Rosaline menarik lengan Song Ji-Hyun ke lengannya dan berbalik menghadap Young-Joon.
“Ryu Young-Joon, aku penasaran dengan apa yang Yassir katakan, jadi aku mendengarkannya, tapi tidak ada yang istimewa.”
“Benar-benar?”
“Isaiah Franklin, Yassir, dan banyak ilmuwan lainnya selalu menggambarkan masa depan yang idealis. Bukankah itu menarik? Mereka semua berbicara tentang ‘sains ini’ dan ‘sains itu,’ bagaimana sains seharusnya seperti ini atau seperti itu, tetapi itu sendiri bukanlah sains,” kata Rosaline. “Karena sains tidak memiliki jawaban.”
“Benarkah begitu?”
“Aku, sebagai intisari ilmu pengetahuan, melihat unsur manusia dalam visi ideal mereka tentang ilmu pengetahuan.”
“Unsur manusia?”
“Ya. Terkadang, itu sangat manusiawi sampai-sampai terasa luar biasa. Saya rasa hal-hal seperti itu lebih berharga.”

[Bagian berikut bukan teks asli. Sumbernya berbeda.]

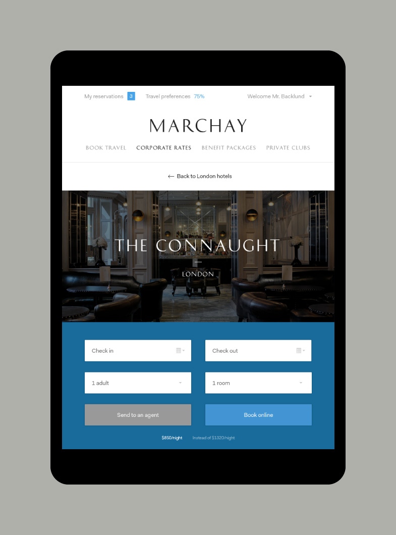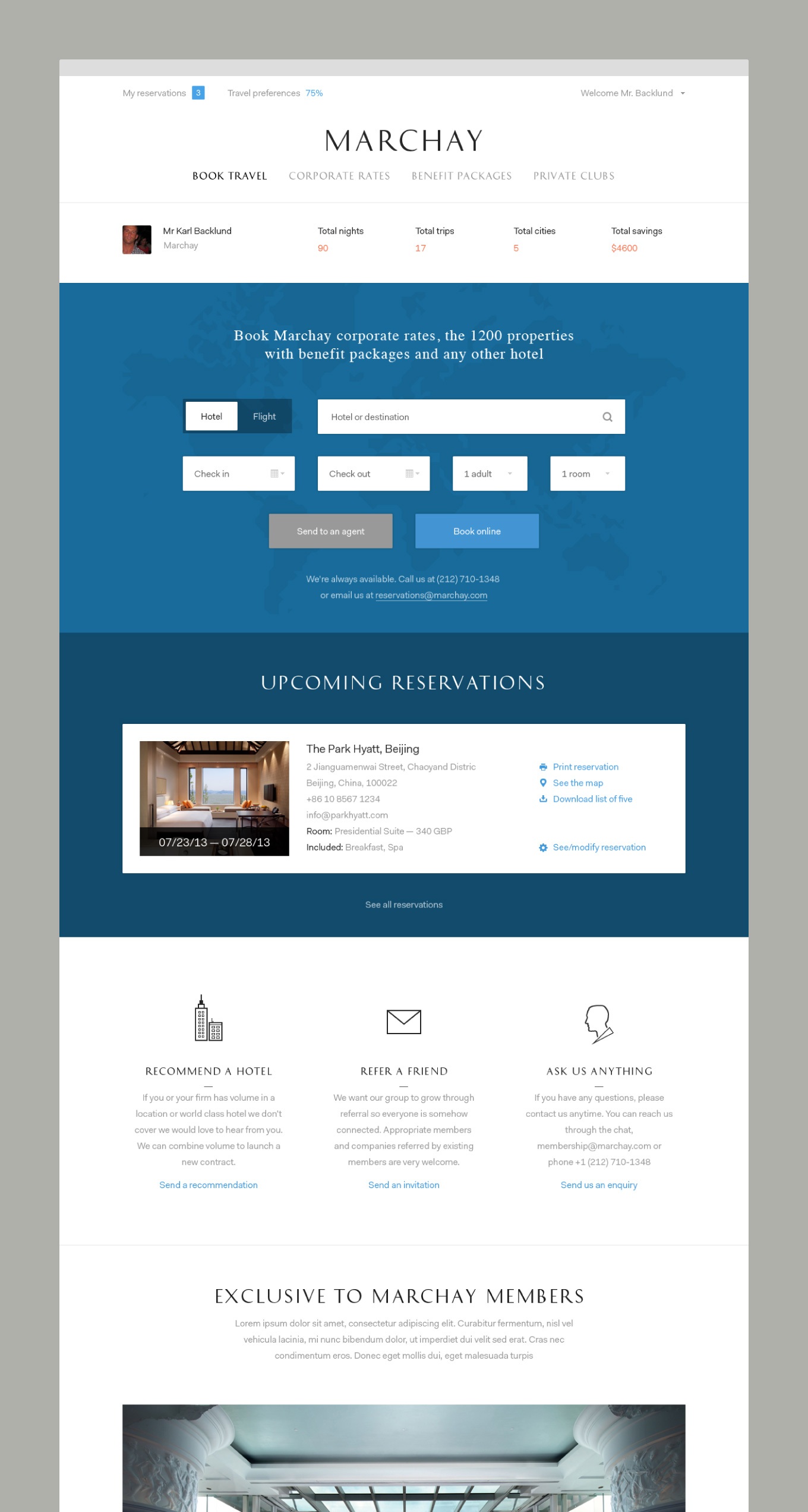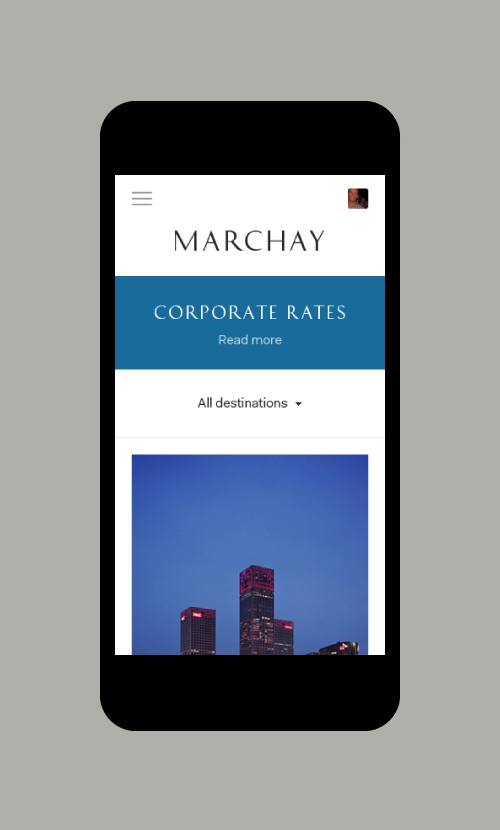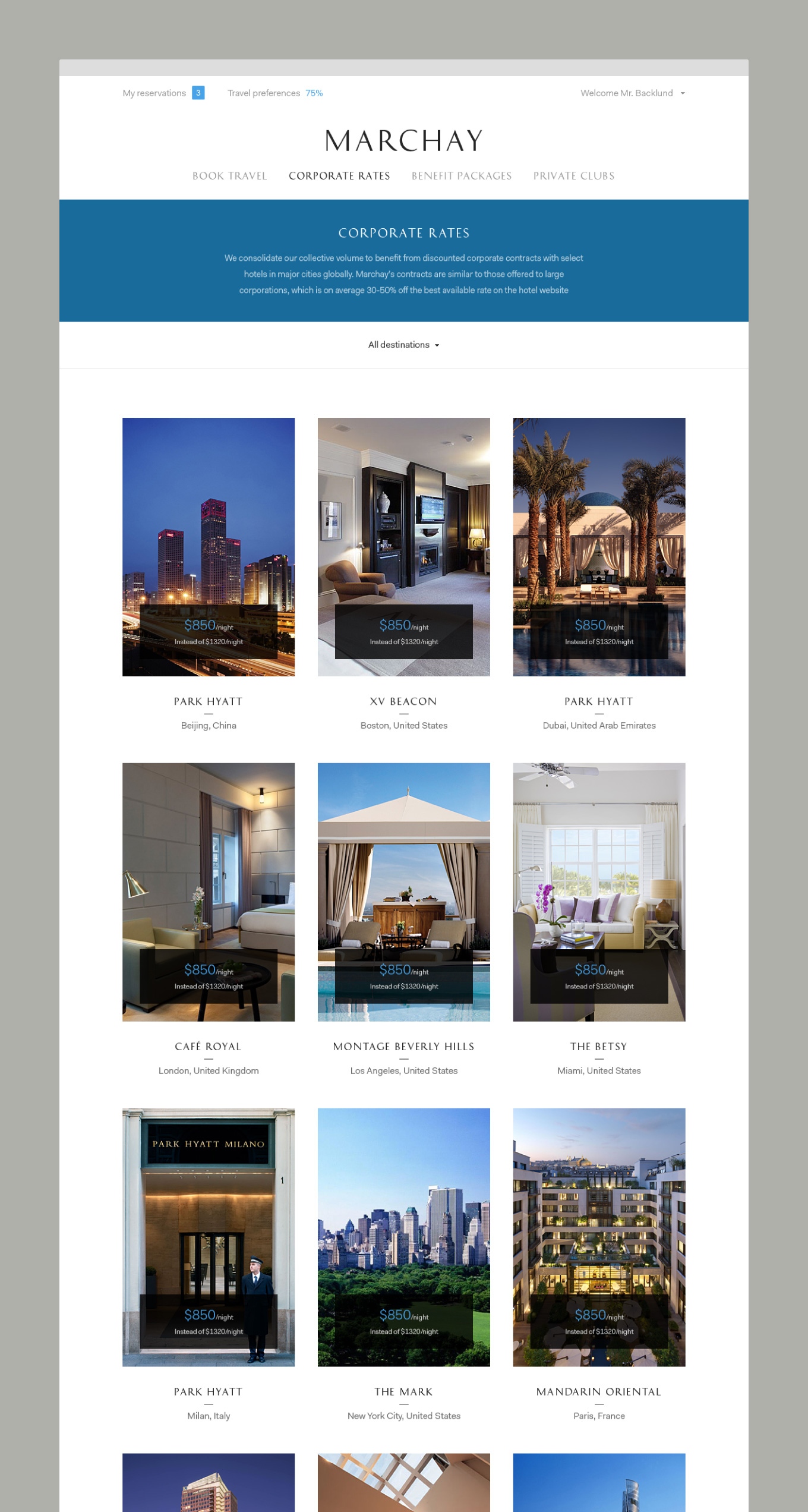I designed the entire responsive website for Marchay, a hotel and flight booking platform intended to high end business travellers.
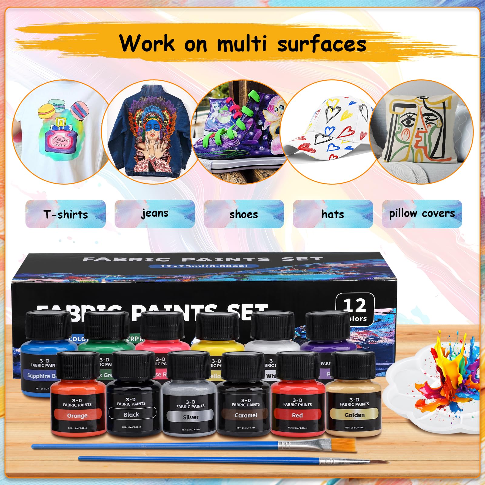 Entfessle deine Kreativität! Dieses Textilfarbe-Set von Altaroo enthält 12 lebendige Farben à 6ml plus Pinsel für deine DIY-Projekte. Die hochpigmentierten Farben decken sowohl auf hellen als auch dunklen Stoffen perfekt ab und sind nach dem Trocknen waschmaschinenfest. Kein Bügeln nötig - einfach malen, trocknen lassen (4-48 Stunden je nach Schichtdicke) und waschen! Ideal für T-Shirts, Jeans, Taschen, Schuhe und Kissenbezüge. Die Farben sind lichtbeständig, ungiftig und für synthetische sowie natürliche Fasern geeignet. Perfekt für Anfänger und Profis, um individuelle Designs zu kreieren. Das Set eignet sich auch super als Geschenk für kreative Köpfe. Einfach auf sauberen, trockenen Stoff auftragen und der Fantasie freien Lauf lassen - deine persönlichen Textil-Kreationen warten darauf, Realität zu werden!
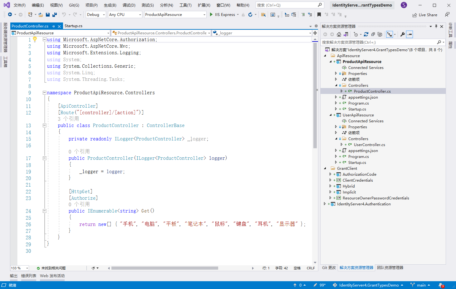 GrantClient - 两个资源服务(WebApi:UserApiResource端口8000,ProductApiResource端口9000)文件夹
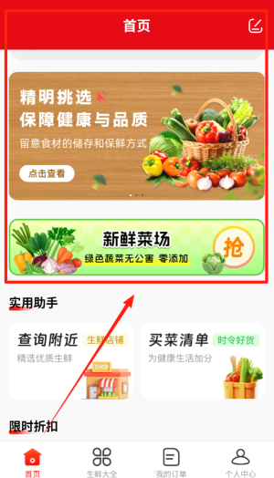 1、首先在应用商店搜索生鲜优惠买菜,下载安装后打开,完成注册以便享受更多服务。
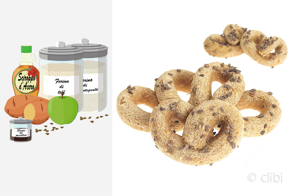 Ciambelline con patate dolci e mela verde aromatizzate all’anice. L’anice ha un sapore molto adattabile, perfetto per piatti dolci e salati. Hanno una mollica con consistenza molto morbida e umida.
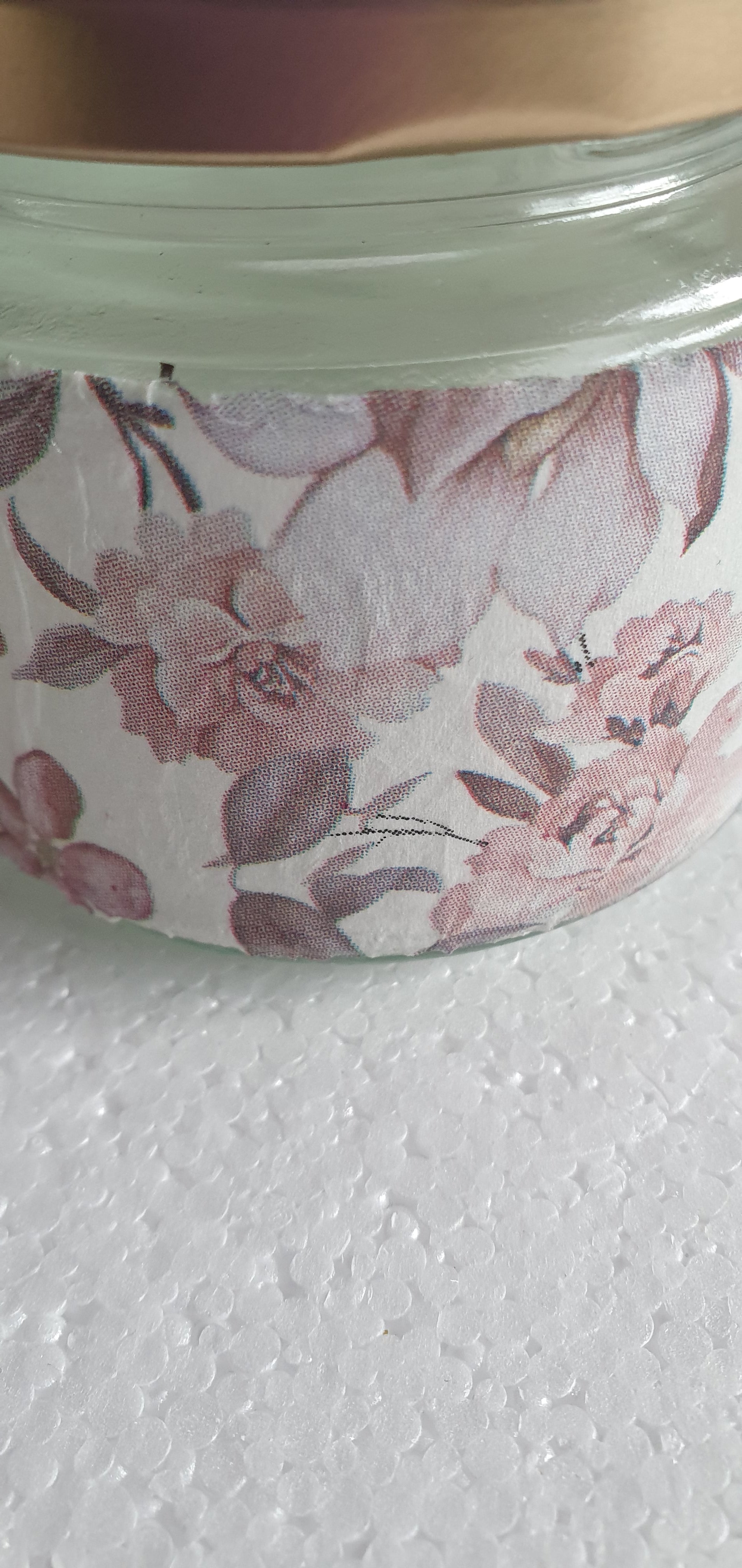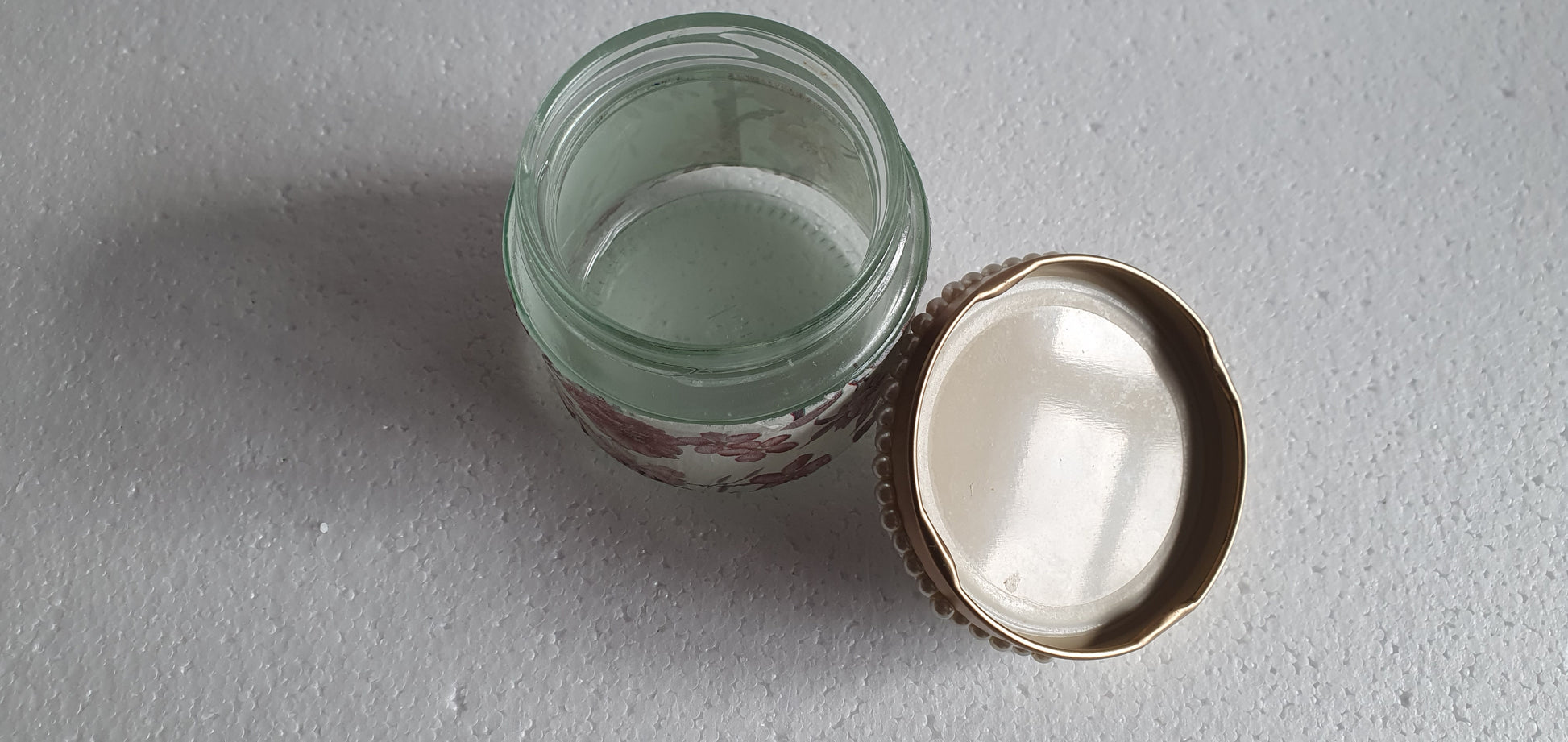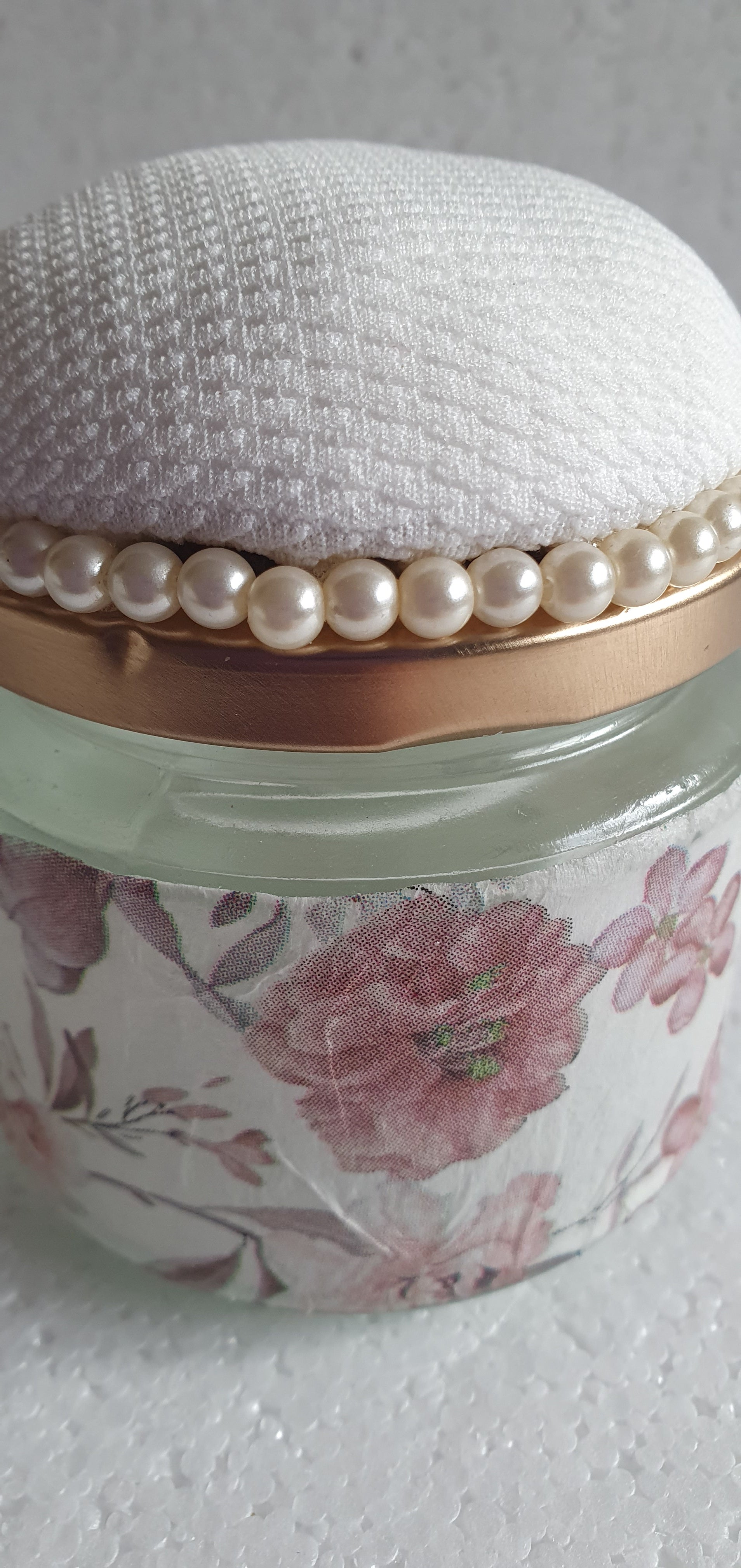 RESERVED for A-M Hand Decorated Glass Pin Cushion Jar Gold Cream Pink Floral Crafters Gift

Young-Joon tersenyum. Terjadi keheningan sesaat.
“Dokter Ryu,” panggil Song Ji-Hyun sambil melirik arlojinya.
“Ya?”
“Kamu akan terlambat untuk upacara Hadiah Nobel. Bukankah seharusnya kamu sudah berangkat?”
“Sudah?” jawabnya sambil mengecek waktu di ponselnya.
“Ayo cepat,” kata Rosaline. “Mereka telah memindahkan upacara ke Korea, dan tokoh utamanya tidak boleh terlambat.”
Young-Joon menatap Rosaline.
“Ada apa?”
“Tidak ada apa-apa. Saya hanya bersyukur.”
“Tiba-tiba?”
Young-Joon tersenyum dan menggendong Rosaline. Dengan satu tangan, dia membuka pintu kantor.
“Ayo kita pergi?”
Langkah kaki raksasa itu menuju ke luar.